■ **TASK DESCRIPTION**
From top to bottom, print the listing word for word and skip any pictures it contains.

■ **COLLECTED MATERIAL**
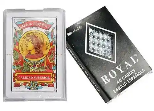 Excelente juego de cartas baraja española de marca ROYAL, disfruta con tus amigos o familia jugando una partida de cartas, tute, escoba, chinchon, cinquillo orejas, 21 entre otras. Esta baraja de cartas royal contiene 40 cartas y están hechas en papel plástico durable de excelente calidad por su material y calidad de impresión. Material: Plástico 100% Marca: Royal Incluye: - 1Baraja 40 cartas - Estuche Plástico
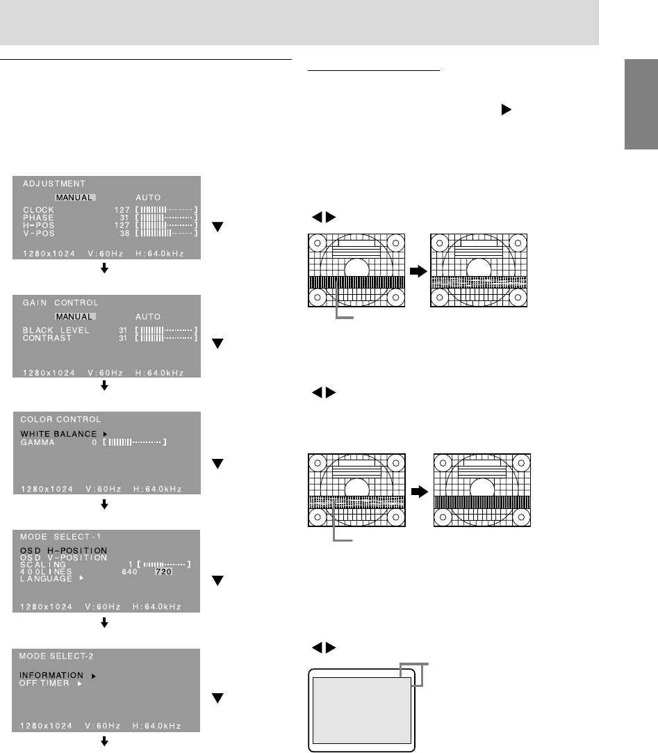 [CLOCK], [PHASE], [H-POS] and [V-POS] settings
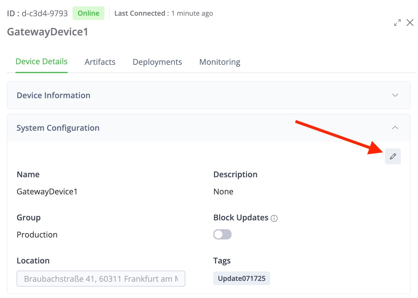 In the Device Details tab, go to System Configuration, and click the Edit icon (pencil).

■ **WRITTEN SOLUTION**
 Excelente juego de cartas baraja española de marca ROYAL, disfruta con tus amigos o familia jugando una partida de cartas, tute, escoba, chinchon, cinquillo orejas, 21 entre otras. Esta baraja de cartas royal contiene 40 cartas y están hechas en papel plástico durable de excelente calidad por su material y calidad de impresión. Material: Plástico 100% Marca: Royal Incluye: - 1Baraja 40 cartas - Estuche Plástico
 [CLOCK], [PHASE], [H-POS] and [V-POS] settings
 In the Device Details tab, go to System Configuration, and click the Edit icon (pencil).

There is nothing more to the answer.